U.S. Corporate Tax System: Falling Behind by Standing Still

New Video Emphasizes Need for Reform

Washington, DC, December 5, 2011—The United States has been slipping from a position of economic competitiveness in recent years, in part because of changing corporate tax rates across the globe. Once a leader internationally, waves of tax reform in dozens of countries have left the U.S. burdened with one of the highest corporate tax rates in the world, slowing new investment and job growth, according to the first in a new series of videos launched today by the Tax Foundation.

"The key to restoring American competitiveness and our long-term economic growth is cutting the corporate tax rate," said Tax Foundation president Scott Hodge. "The Tax Foundation’s new video series will help put the burden of corporate taxes in perspective and encourage policymakers to consider new ideas for reforming the U.S. corporate tax system."

The federal corporate income tax was first instituted in 1909 with a one percent tax rate.

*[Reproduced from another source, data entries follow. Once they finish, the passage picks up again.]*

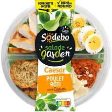Salade composée préparée avec de la salade (22%), du poulet rôti traité en salaison (15%), des tomates mi-séchées (7%), accompagnée d'une sauce Caesar (10%)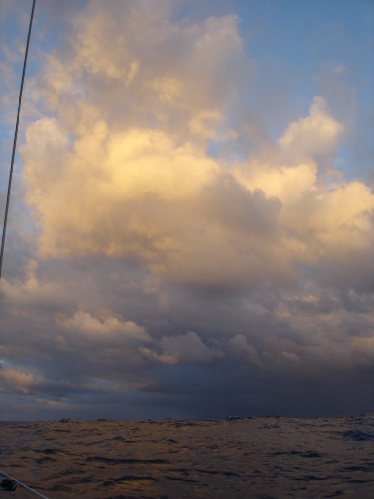 ’s Avonds horen we van de J&B, die 250 mijl voor ons varen, dat ze een hele zware nacht hebben gehad met veel squalls. Jan had zijn grootzeil helemaal gereefd en ging nog 8 knopen. We hopen maar dat dit ons bespaard blijft.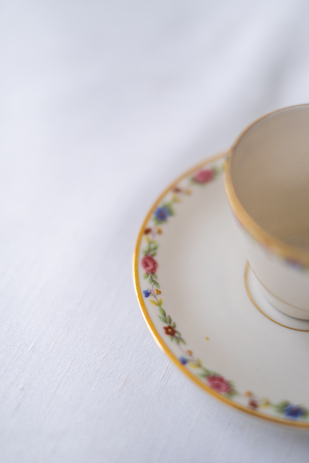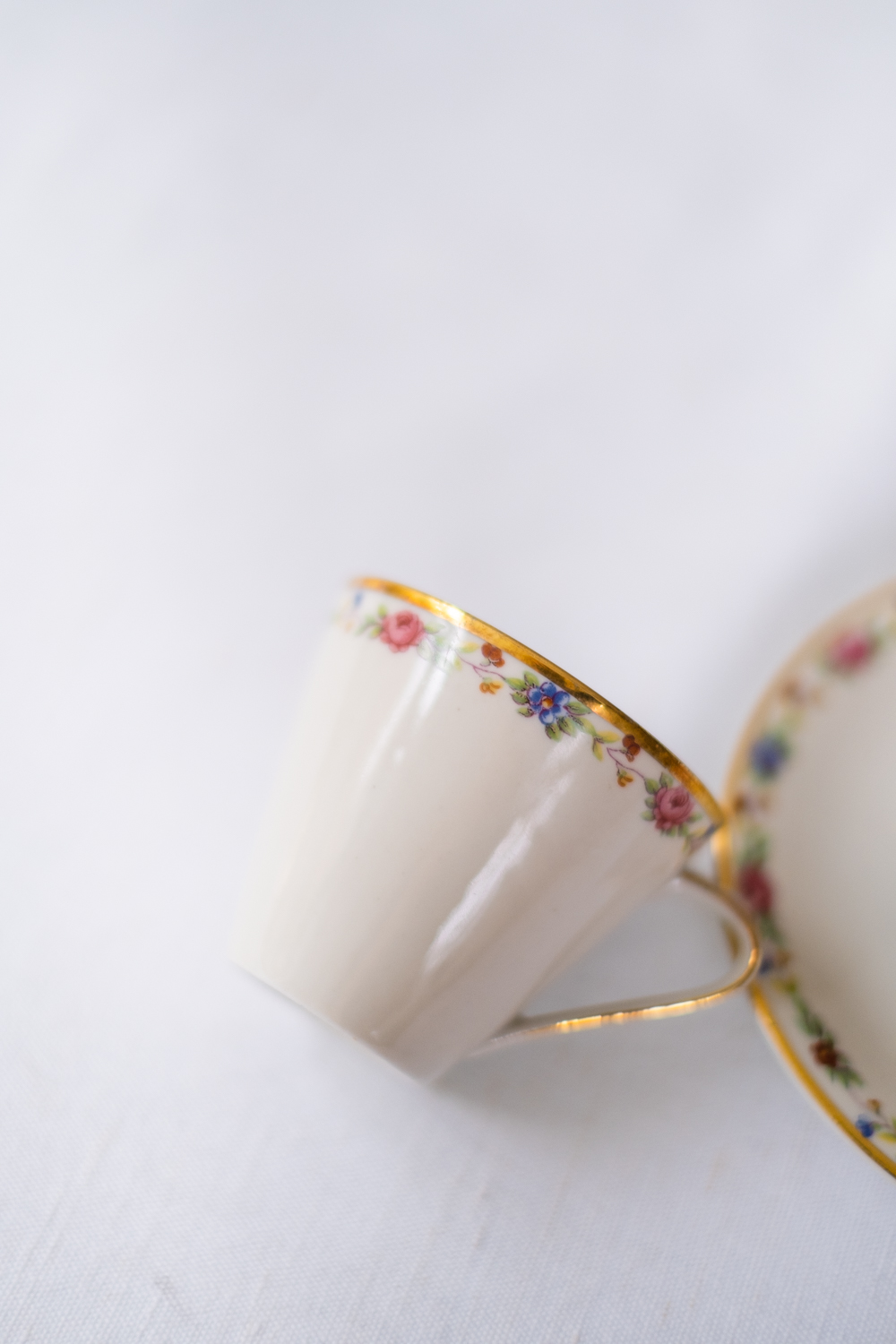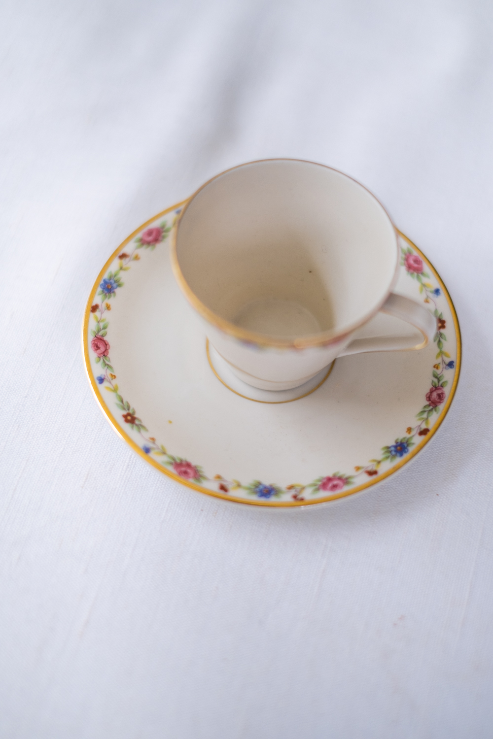 Hrneček na espresso v barvě slonové kosti s bordurou tvořenou drobnými kvítky je jako pro panenku. Dle značení pochází z let 1960 a dále. Je ve výborném stavu, jako by byl snad jen vystaven ve vitríně. Kdo jej probudí k životu? K hrnečkům máme ve stejném dekoru i snídaňový set.

Since then it has changed dozens of times, with the current top rate at 35%. When additional state rates are added, the average tax rate for U.S. corporations rises to 39.2%, the second highest in the developed world, only slightly behind Japan’s.

The Tax Foundation video "Falling Behind by Standing Still" is available online.

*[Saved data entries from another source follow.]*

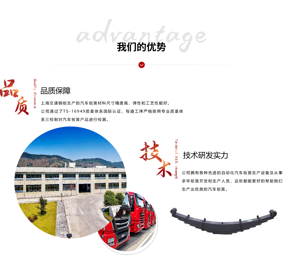 我們以其奇特的生產工藝在同行業中獨樹一幟,其產品一直供不應求,深受顧客青睞。公司主要生產銷售汽車鋼板彈簧東風汽車板簧等。我們的企業精神:科技興業、質量為本、追求卓越、誠實守信;以顧客為關注焦點、保護環境、造福社會是企業努力的方向;全公司將用:一如既往、開拓新穎的企業精神……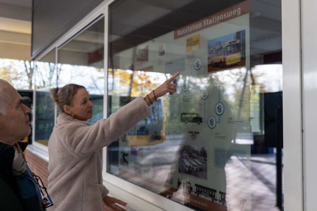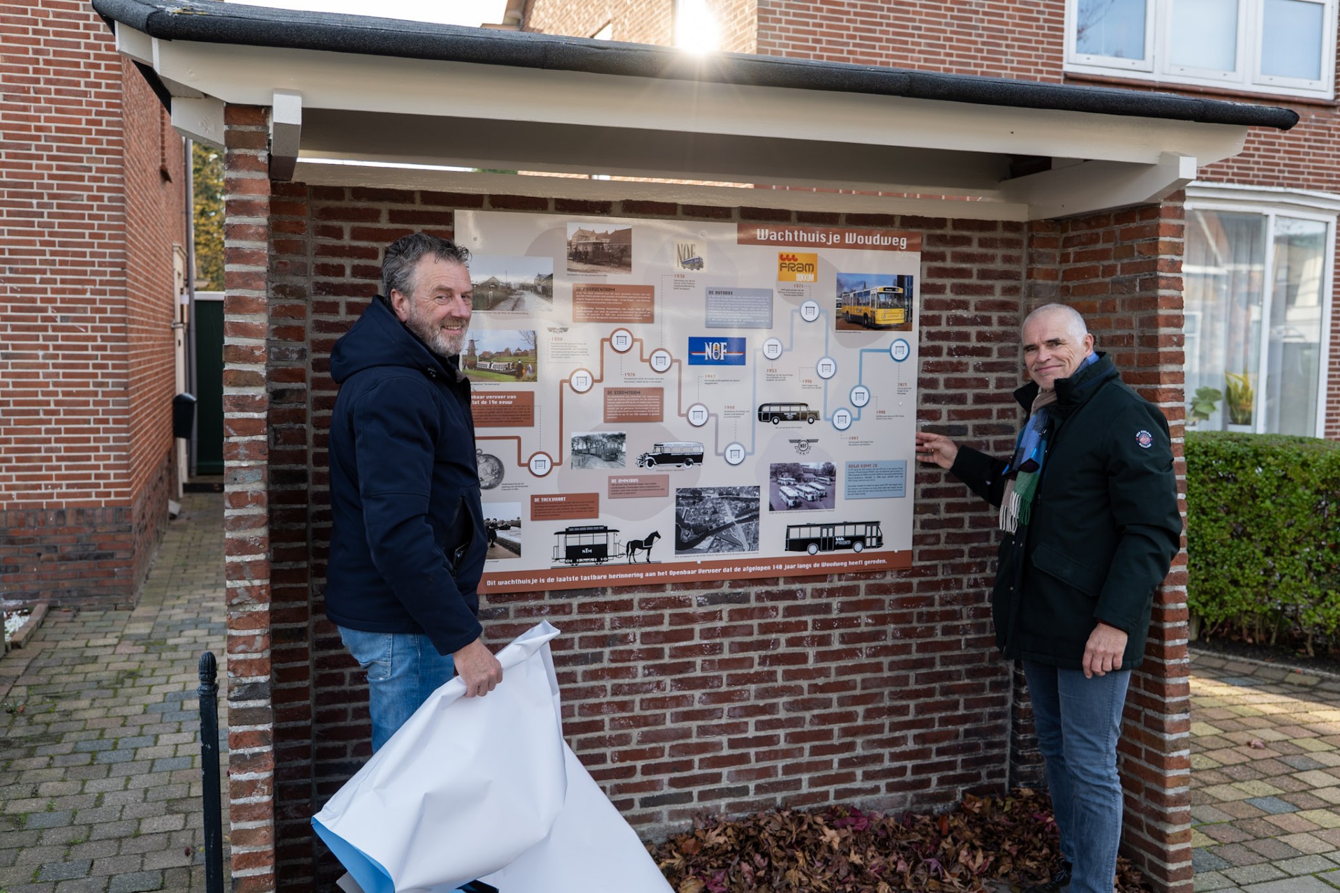 De panelen tonen met tekst en beeld hoe het vervoer in de regio zich ontwikkelde: van trekschuiten en paardentrams tot stoomtrams en uiteindelijk de bekende gele bussen van de FRAM. Beide panelen zijn ontworpen door LauwersReclame en voorzien van historische informatie samengesteld door Warner Banga.
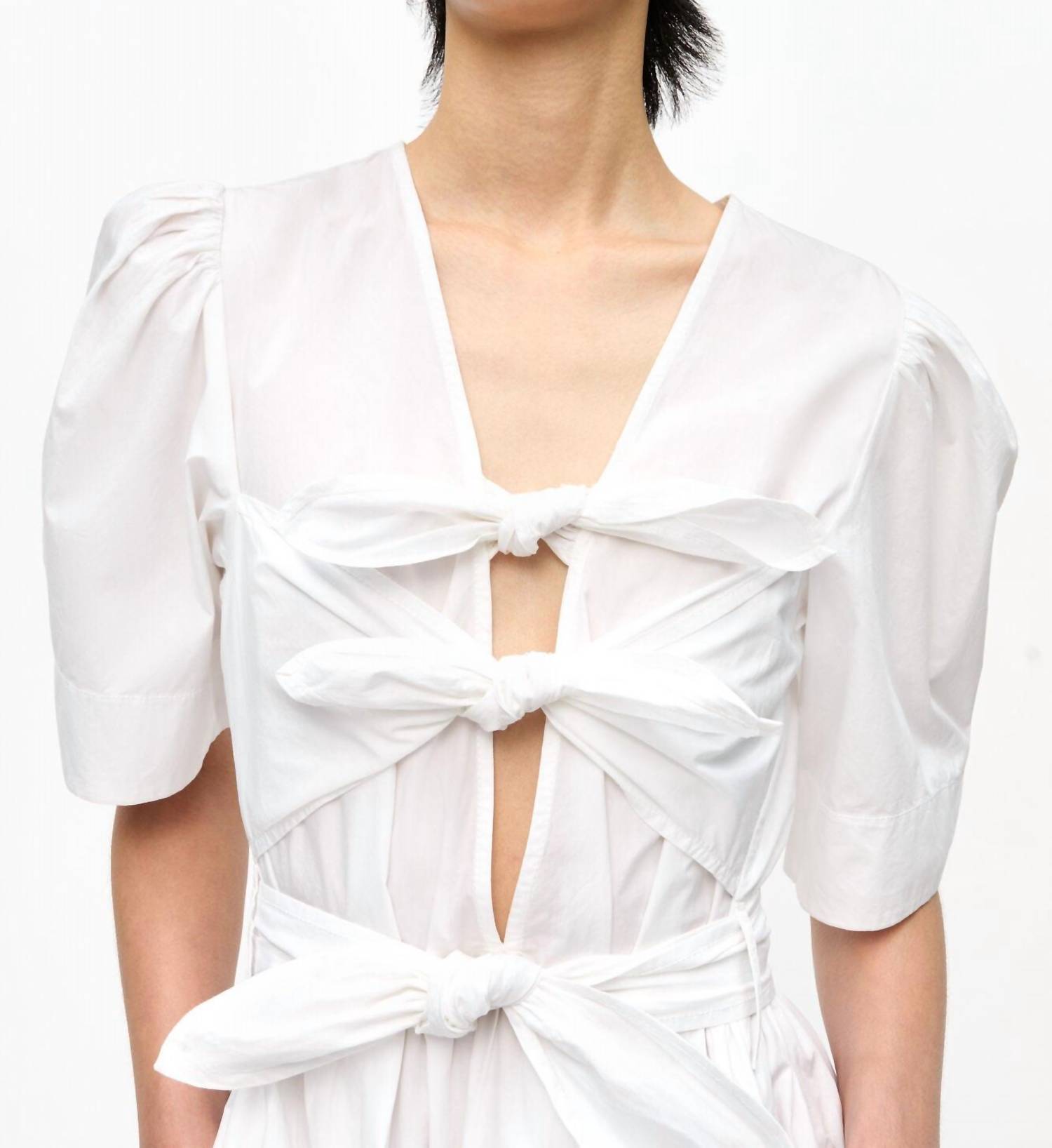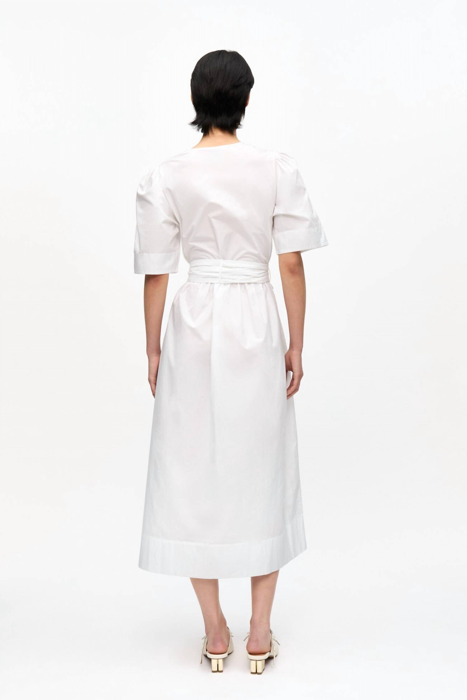 The perfect length dress does exist. Elevate your vacation wardrobe with the Women's Washed Stretch Cotton Tie Strap Midi Dress by GANNI, crafted in a breathable stretch blend of 97% organic cotton and 3% elastane. This dress boasts short, puffed sleeves, a shift dress silhouette, and a stylish deep V-neckline, complete with three front tie bands and handy side pockets. Designed in a versatile solid white, the flared skirt and belt loops add to its boho chic appeal. Closure: Pull on. Perfect for embracing the summer in style.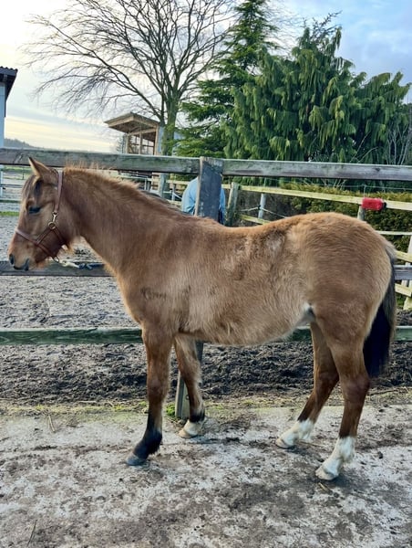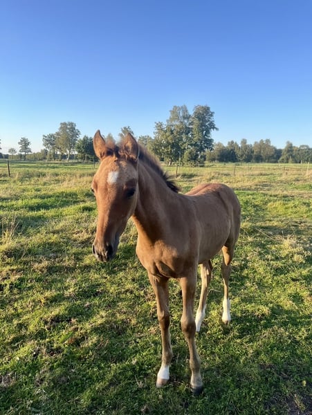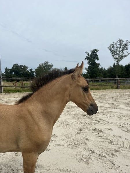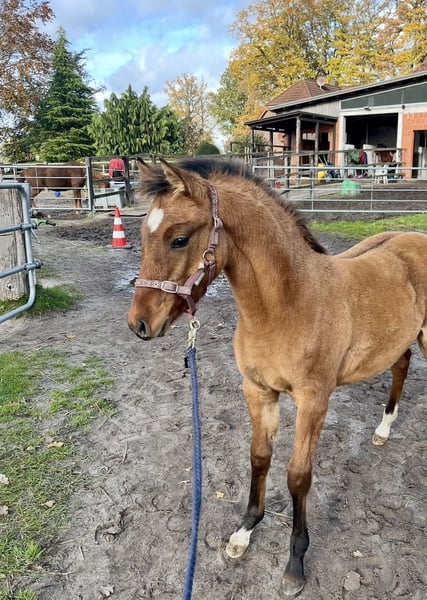 Moin, Zum Verkauf steht eine sehr hübsche und typvolle falbfarbene Deutsches Reitpony Stute, geboren Mitte Juni. Sie wächst derzeit in einer gemischten Herde gemeinsam mit ihrer Mutter auf und genießt eine familiäre Aufzucht. Sie hat eine sehr vielseitige Abstammung: Cooper County WE (Kastanienhof), der erfolgreich in S Dressuren zwischen Großpferden, aber auch Springen bis L läuft x Rikado, er hat einige Nachkommen die erfolgreich im Springsport sind Sie bleibt definitiv im Ponymaß. In der Herde tritt sie selbstbewusst und sozial auf. Im Kontakt mit Menschen zeigt sie sich besonders lieb, offen und zutraulich. Das Fohlen-ABC beherrscht sie bereits sicher. Sie lässt sich problemlos führen, kennt das Putzen und zeigt sich im täglichen Umgang brav und unkompliziert. Spaziergänge, sowohl alleine als auch in Begleitung anderer Pferde, meistert sie bereits souverän. Auch das Verladen und Hängerfahren kennt sie schon und bereitet keinerlei Probleme. Beim Hufschmied ist sie vorbildlich und gelassen. Sie ist geimpft und regelmäßig entwurmt. Sie soll noch bis April bei ihrer Mutter bleiben und darf dann gerne in ihr weiteres Zuhause umziehen.

Script: “Falling Behind by Standing Still”

No matter where you look these days, there is another headline on big corporations and their taxes.  And it can be hard to separate the facts from the rhetoric. So let’s look at where we are. 

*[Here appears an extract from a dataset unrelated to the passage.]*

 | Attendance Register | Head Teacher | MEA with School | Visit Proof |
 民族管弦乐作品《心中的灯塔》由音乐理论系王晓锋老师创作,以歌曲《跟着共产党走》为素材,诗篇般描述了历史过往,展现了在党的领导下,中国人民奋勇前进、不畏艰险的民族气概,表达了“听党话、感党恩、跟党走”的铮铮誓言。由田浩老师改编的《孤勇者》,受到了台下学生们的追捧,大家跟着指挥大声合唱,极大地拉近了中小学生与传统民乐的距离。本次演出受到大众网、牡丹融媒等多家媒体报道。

Back in early 1980s, before globalization, the U.S. had a corporate tax rate that was about the same as the rest of the world. Companies in the U.S. paid 46% in taxes.

Then, in 1986, the U.S. cut the corporate tax rate below 35%. And suddenly, the U.S. had one of the most competitive business taxes in the world.

As a result, the economy grew, tax revenues grew, and the deficit went down.

But over time, countries around the world lowered their tax rates as well, countries like Canada, Great Britain, Germany…even Sweden. And it wasn’t long before the average corporate tax rate of those countries fell way below U.S. corporate tax rate.

In other words, when it came to taxes, it became cheaper to do business OUTSIDE the United States.  

This meant that tax-friendlier countries became a magnet for new investment and jobs – NOT the U.S.   

And while the international corporate tax rate continued to decline, the rate in the United States stayed the same – slowing our economy and making our workers and businesses even less competitive.

We fell behind by standing still.

As the corporate tax rates fell in other countries, their share of the global economic pie grew while ours’ shrank.

Good for their workers, bad for ours.

And here’s why corporate tax rates matter.

Research has found that the corporate income tax is THE most harmful tax to long-term growth.

Meaning countries with a lower corporate income tax are likely to grow faster and attract more investment and jobs than high-tax countries like the U.S.

Also, here in the U.S., corporate taxes cost each household about $2,384 per year in higher prices, lower wages or smaller 401ks.

In fact, 75 countries large and small have cut their corporate taxes in just the past five years alone. 

While our rate remains the 2nd highest rate in the world only to Japan – whose economy has been stalled for 20 years.

Until our corporate tax rate is competitive with the rest of the world, our economy will also remain stagnant and the good jobs will be created in places where the taxes are friendlier to investment and innovation. 

For more information, visit Tax Foundation dot org.

The Tax Foundation is a nonpartisan research organization that has monitored fiscal policy at the federal, state and local levels since 1937. To schedule an interview, please contact Richard Morrison, the Tax Foundation’s Manager of Communications, at 202-464-5102 or morrison@taxfoundation.org.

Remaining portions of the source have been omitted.